Greater competition between hospitals, introducing user fees and putting hospital specialists on salary are some of the ways that Japan, Taiwan and Korea have been able to control health-care spending while still offering top-quality services. Further, those countries have a lower infant mortality rate than Canada, better pharmaceutical coverage and the latest technologies for hospitals.

The findings are reported in “An Asian Flavour For Medicare: Learning from experiments in Japan, Korea and Taiwan” by Ryerson University’s James Tiessen and Peng. The report was commissioned by the Macdonald Laurier Institute, a non-partisan, independent national public policy think tank in Ottawa.

Reform is necessary in Canada as medical services are accounting for larger portions of the country’s provincial budgets, reducing resources in other important areas such as education and infrastructure. At the same time, an aging population threatens to further drive up costs in the years to come.

While Canada is different from Japan, Korea and Taiwan, the authors note that these countries have faced similar challenges to Canada in financing and delivering health care and long-term care to populations that are aging at a very rapid rate.
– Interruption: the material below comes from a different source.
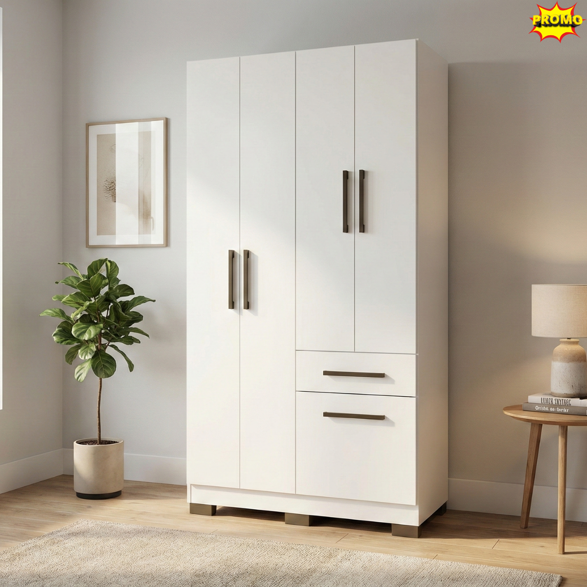 Para garantir a durabilidade do seu Roupeiro Laguna, limpe-o com um pano seco ou levemente umedecido. Evite produtos abrasivos que possam danificar o acabamento.

The report notes several potential lessons for Canada:

  • Policy-makers must actively learn from abroad: Japan, Korea and Taiwan wasted little time in searching other jurisdictions for solutions.
  • Identifying new health policy ideas isn’t enough: Entrenched interests are often the biggest barrier to change. Politicians in Asia were willing to make difficult but necessary decisions to rein in health-care costs, even if they are unpopular with some.
  • User fees can improve equity and coverage: Japan, Korea and Taiwan have all employed user fees to raise funds and discourage frivolous use without reducing access to care.
  • Competition among private hospitals can help improve quality of services: Japan, Korea and Taiwan have all introduced market processes that encourage providers to compete for patients.
  • Hospital specialists on salary: Paying primary care physicians for each time they treat a patient (a “fee-for-service” model) incentivizes seeing more patients, but it also encourages delivering expensive services to those who may not need them. Japan, Korea and Taiwan have curbed this by putting some specialists on a salary.
  • Long-term care insurance could help mitigate the effects of population aging: Canadian provinces should look at introducing a long-term care insurance program on a social-insurance model, funded by mandatory payments and government subsidies for those with low incomes that would divert aging patients away from expensive hospital stays. Long-term care is not covered by the Canada Health Act, so there is room for provinces to experiment with sustainable funding models.
  • Improve the use of information technology: Japan, Taiwan and Korea have all benefited from adopting digital records that have been shared between providers and funders.

“It is unfortunate that Canada is not more familiar with how health care is funded and delivered in Asia, particularly considering that Japan’s universal access system predates Canada’s by a decade,” said Peng.

Peng is director of U of T’s Centre for Global Social Policy and holds appointments with the Department of Sociology and the School of Public Policy & Governance. Tiessen is director of the School of Health Services Management at the Ted Rogers School of Management, Ryerson University.

With files from Macdonald Laurier Institute.